The Sussex Advertiser, 28 December 1852, had a barbed notice on the death of Mary Eldridge. It was obviously inserted by her side of the family, though it did hide the estrangement.

ELDRIDGE. – December 21, at Hastings, age 54, Mary Ann Eldridge, wife of Mr William Eldridge, Crown Brewery, St Leonards. In the hope of a joyful resurrection, after many years of bodily and mental sufferings, leaving four daughters and many friends to lament her loss.

At a time when divorce was virtually impossible this of course released the couple to marry, which they did on the 27 April 1853 at Battle, he a widower, 53, of Battle, she 42, spinster, of St Leonards on Sea. Both left a blank for the father’s details.

He appeared twice in the London Gazette. In the 26 April 1853 issue Solomon Stubberfield of Silver Hill Terrace, beer retailer, petitioning as an insolvent debtor, was said to be in partnership with Eldridge. In the 5 August 1853 issue it was stated that the partnership between George Bennett and William Mantell Eldridge of St Leonards on Sea as Bennett and Co. was dissolved by mutual consent. I do not know more than these enigmatic mentions.

The 1851 census said that Eldridge was a farmer as well as a brewer. In the Sussex Advertiser, 30 September 1856, the itemised livestock and implements of Loose Farm, Battle, was for sale at auction following the termination of Mr W.M. Eldridge’s lease. Also, the 29 August 1857 issue has a sale by the same at Burnt Chimney Farm, whose lease was expiring, of live and dead stock from Burnt Chimney and Brans Hill farms, Battle.

Eldridge appeared again in a poor light in the Sussex Advertiser, 28 July 1857, if only with his threat of defenestration. Langham, with the closing quoted remark in this extract, was his solicitor.
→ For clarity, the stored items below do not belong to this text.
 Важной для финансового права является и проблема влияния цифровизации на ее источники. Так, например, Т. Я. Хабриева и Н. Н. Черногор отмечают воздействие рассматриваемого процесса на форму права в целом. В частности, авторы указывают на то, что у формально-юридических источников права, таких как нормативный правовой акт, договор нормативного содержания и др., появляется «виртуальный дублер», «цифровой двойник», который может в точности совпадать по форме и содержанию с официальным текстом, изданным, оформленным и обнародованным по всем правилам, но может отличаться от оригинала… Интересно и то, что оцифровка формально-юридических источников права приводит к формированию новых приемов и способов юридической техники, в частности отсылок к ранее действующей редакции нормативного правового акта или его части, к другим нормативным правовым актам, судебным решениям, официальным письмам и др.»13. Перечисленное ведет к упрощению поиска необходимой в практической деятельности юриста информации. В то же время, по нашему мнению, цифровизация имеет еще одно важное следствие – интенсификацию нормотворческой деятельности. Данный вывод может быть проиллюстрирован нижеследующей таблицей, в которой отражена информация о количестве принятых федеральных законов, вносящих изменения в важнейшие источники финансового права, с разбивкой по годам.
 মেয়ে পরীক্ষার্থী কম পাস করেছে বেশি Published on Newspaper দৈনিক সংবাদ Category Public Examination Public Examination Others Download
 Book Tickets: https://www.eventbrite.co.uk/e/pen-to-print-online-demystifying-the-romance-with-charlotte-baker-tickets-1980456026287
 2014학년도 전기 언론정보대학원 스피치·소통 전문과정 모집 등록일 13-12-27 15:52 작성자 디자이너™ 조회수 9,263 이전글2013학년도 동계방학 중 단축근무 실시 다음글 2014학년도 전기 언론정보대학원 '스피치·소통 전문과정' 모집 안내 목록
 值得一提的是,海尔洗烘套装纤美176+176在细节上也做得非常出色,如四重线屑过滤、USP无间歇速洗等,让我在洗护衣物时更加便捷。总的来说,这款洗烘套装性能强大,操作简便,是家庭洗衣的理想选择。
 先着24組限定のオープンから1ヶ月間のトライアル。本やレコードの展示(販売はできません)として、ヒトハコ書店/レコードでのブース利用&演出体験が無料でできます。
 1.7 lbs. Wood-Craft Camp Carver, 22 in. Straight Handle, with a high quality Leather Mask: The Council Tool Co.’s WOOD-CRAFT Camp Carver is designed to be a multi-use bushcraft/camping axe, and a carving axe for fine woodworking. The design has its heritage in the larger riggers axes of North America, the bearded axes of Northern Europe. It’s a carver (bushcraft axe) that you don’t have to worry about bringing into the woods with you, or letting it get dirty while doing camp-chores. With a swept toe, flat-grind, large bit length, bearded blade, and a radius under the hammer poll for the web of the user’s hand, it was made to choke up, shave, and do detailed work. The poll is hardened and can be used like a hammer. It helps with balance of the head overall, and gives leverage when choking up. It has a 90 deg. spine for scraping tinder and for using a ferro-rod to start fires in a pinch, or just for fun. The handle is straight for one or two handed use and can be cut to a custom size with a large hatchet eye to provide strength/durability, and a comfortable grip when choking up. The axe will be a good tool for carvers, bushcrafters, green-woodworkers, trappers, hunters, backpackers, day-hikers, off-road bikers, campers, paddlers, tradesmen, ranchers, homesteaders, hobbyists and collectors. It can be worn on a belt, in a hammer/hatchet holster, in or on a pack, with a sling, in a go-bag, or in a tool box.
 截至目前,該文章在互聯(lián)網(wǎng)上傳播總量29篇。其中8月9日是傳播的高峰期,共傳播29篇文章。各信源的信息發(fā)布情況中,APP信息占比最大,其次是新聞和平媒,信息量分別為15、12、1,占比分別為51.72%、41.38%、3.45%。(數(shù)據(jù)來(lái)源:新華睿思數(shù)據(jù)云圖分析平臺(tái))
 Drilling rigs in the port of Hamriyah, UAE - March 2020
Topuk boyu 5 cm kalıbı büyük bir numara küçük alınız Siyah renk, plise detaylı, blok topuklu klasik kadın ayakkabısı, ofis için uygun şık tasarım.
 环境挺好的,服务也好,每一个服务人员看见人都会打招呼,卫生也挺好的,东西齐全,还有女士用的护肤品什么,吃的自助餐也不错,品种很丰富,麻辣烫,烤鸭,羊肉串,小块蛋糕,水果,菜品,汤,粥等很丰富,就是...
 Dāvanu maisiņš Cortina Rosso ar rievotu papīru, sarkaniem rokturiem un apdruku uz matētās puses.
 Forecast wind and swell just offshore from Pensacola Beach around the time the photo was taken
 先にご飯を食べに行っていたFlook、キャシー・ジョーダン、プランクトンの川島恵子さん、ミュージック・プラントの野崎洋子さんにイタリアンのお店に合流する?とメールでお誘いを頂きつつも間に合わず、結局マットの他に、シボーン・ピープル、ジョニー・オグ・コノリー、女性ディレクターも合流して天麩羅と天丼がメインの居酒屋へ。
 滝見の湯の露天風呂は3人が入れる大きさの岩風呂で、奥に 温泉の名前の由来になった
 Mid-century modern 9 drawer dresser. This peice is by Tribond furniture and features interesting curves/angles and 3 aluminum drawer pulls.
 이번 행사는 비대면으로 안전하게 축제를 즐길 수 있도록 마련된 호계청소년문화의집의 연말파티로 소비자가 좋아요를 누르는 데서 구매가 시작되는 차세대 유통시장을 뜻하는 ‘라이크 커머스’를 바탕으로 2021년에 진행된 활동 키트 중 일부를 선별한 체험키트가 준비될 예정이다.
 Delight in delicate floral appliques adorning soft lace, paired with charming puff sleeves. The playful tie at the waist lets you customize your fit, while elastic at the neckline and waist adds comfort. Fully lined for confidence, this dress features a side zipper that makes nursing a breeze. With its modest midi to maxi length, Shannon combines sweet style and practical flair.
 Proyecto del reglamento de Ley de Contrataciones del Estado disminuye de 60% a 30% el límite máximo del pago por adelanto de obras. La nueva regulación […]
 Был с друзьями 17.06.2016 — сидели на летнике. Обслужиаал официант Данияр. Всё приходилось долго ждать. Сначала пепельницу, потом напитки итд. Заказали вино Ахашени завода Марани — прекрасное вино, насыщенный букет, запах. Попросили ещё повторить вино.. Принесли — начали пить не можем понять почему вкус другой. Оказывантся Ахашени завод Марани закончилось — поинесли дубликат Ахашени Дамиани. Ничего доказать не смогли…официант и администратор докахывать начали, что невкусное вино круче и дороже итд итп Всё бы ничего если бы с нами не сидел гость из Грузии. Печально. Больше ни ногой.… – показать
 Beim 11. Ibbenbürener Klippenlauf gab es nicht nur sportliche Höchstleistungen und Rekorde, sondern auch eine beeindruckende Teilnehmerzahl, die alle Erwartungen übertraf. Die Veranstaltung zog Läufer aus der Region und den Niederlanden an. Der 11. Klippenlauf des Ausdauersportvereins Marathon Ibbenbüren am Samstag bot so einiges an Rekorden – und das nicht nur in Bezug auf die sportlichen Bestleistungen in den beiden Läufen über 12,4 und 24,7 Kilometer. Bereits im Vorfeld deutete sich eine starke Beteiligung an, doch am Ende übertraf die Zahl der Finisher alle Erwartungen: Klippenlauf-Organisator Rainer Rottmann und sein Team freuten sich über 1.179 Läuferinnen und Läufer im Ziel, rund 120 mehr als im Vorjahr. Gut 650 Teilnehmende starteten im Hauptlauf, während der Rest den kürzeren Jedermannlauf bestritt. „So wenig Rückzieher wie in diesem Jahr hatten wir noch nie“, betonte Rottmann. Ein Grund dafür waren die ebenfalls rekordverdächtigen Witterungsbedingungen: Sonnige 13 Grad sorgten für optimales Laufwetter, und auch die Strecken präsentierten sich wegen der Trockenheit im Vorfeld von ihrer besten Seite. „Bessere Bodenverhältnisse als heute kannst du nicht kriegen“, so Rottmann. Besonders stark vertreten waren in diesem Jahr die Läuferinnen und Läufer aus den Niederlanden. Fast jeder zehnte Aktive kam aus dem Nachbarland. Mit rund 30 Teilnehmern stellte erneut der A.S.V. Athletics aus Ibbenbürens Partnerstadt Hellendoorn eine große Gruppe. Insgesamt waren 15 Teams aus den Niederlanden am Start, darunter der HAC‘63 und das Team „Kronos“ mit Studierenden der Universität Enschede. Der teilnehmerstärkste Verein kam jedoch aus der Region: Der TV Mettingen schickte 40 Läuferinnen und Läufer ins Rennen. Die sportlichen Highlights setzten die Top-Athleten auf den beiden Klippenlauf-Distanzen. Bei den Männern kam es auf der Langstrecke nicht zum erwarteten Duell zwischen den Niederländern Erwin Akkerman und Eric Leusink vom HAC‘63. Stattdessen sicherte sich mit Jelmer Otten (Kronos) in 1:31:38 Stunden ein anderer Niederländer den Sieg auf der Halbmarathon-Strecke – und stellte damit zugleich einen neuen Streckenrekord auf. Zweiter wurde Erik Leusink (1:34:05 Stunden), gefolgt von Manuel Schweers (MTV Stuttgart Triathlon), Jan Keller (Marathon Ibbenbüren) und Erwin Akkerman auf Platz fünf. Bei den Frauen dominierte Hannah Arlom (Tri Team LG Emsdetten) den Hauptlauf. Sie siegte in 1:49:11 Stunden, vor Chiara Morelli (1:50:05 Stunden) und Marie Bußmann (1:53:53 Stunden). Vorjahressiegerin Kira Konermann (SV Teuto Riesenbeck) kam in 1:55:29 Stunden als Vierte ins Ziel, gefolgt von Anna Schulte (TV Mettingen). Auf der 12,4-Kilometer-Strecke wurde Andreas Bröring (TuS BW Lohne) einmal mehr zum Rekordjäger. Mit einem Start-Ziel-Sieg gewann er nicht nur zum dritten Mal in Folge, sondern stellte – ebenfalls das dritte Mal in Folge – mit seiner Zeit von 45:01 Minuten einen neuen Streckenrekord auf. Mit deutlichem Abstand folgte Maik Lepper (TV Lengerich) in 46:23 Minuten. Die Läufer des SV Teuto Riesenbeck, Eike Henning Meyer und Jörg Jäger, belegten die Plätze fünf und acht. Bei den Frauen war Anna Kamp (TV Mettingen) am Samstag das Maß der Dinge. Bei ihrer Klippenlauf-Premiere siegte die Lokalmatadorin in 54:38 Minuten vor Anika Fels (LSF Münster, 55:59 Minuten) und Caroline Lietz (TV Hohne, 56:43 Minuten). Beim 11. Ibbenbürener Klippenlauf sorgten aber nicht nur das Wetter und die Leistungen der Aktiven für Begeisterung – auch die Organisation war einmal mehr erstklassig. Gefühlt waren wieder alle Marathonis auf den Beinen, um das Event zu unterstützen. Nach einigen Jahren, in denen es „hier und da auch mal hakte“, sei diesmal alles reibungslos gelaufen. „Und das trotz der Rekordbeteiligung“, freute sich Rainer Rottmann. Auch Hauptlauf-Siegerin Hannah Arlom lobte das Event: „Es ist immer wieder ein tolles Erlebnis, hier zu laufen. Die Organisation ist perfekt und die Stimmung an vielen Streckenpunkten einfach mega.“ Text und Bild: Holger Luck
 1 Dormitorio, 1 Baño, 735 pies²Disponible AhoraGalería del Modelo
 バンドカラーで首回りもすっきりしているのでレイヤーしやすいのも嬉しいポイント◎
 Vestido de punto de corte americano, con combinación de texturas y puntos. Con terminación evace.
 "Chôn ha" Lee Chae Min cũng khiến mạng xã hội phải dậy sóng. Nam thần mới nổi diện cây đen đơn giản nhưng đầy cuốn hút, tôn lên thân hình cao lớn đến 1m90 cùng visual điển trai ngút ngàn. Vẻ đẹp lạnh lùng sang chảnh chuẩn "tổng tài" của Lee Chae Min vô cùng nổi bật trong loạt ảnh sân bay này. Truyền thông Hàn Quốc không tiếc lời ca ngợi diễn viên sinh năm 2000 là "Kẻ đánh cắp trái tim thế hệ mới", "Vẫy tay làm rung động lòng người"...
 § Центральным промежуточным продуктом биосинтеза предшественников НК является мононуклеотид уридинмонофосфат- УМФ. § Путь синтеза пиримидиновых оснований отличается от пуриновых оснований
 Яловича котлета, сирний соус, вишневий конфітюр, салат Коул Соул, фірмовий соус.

A TAX COLLECTOR v A TOWN COUNCILLOR. William Mantell Eldridge was summoned to show cause why he should not be bound over to keep the peace towards Charles Valentine Levitt, who alleged that defendant had used threats towards him.

Mr J.G. Langham appeared for defendant.

Complainant deposed – I live at 21, North Street, in the parish of St Mary Magdalen, a collector of income and property tax. Last Thursday, about 12 o’clock at noon, I was in an up-stairs room at the Anchor Inn, in George Street, passing my accounts to the Surveyor. The defendant entered the room and had not been there long before he began to abuse me, and called me a liar, a —- rascal, and a robber. He also said, “I would throw you out of the window if you were here alone.” When he was leaving the room he threw out his left arm and said “You —-, I will give it to you when I catch you alone.” He then left the room, and I am now afraid he will do me some bodily harm.

Mr Hickes – Did you give him any provocation ?

Complainant – No, Sir, I did not give him any whatever.

Mr Langham – I believe Eldridge came there to complain that you had charged him more taxes than he ought to have paid.

There was a great deal of questioning. Eldridge was bound over in his own recognizances of £20 to keep the peace for six months. Levitt was not happy at the light penalty, but reluctantly accepted it on Langham’s advice.

The Sussex Advertiser, 29 December 1857, had a detailed report on Moses Ade, charged with unlawfully assaulting and ill-treating Thomas Cook, one of Eldridge’s employees at the brewery. Ades also had to keep the peace towards Eldridge and his lawyer, Langham. In a long but entertaining story, Ade was in a beer shop arguing first with Mr Mose, Eldridge’s rent collector, and then with his groom. This was witnessed by Cook, who heard Ade saying he would leather Eldridge and all his men. Cook made the mistake of trying to calm Ade down in a friendly fashion, so Ade gave him a black eye and broke a window. Cook thought Ade was sober at the time. The defendant was fined £2 including costs, or six weeks’ imprisonment.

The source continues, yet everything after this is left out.